• _INSTRUCTIONS FOR THE TASK_
From the line containing "Luxe Cotton Quilted" through the last line of the entries below, print each line exactly. Pictures stay out.

MATERIAL TO PROCESS: Begin

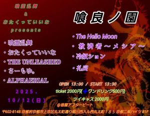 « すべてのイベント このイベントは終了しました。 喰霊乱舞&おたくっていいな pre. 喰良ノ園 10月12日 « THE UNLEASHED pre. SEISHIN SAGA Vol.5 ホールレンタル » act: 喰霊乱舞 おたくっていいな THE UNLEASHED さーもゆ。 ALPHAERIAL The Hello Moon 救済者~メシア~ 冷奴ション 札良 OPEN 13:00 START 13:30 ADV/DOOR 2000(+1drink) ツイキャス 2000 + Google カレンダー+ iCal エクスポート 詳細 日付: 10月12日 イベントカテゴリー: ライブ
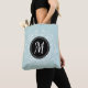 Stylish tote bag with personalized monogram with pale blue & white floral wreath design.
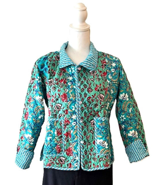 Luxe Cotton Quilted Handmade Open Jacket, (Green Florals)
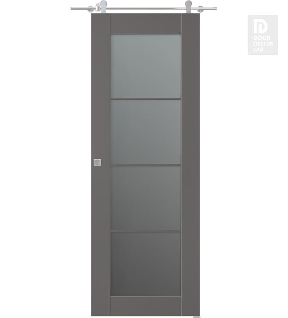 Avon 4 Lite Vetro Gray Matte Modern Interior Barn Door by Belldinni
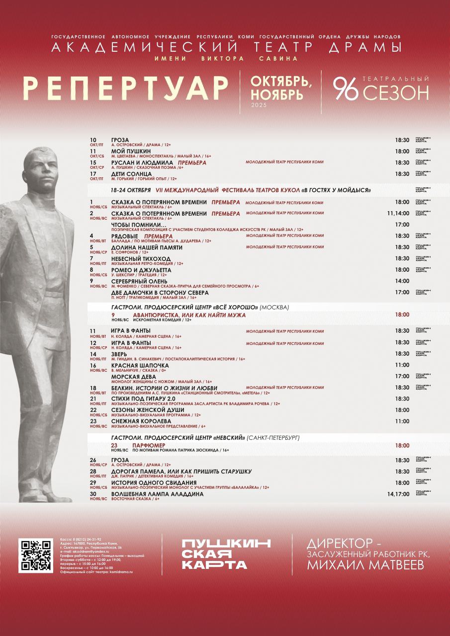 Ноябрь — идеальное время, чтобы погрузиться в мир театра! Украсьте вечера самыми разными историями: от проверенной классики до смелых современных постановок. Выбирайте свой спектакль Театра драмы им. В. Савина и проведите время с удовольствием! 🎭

MATERIAL TO PROCESS: End

• _RESULT OF THE TASK_
 Luxe Cotton Quilted Handmade Open Jacket, (Green Florals)
 Avon 4 Lite Vetro Gray Matte Modern Interior Barn Door by Belldinni
 Ноябрь — идеальное время, чтобы погрузиться в мир театра! Украсьте вечера самыми разными историями: от проверенной классики до смелых современных постановок. Выбирайте свой спектакль Театра драмы им. В. Савина и проведите время с удовольствием! 🎭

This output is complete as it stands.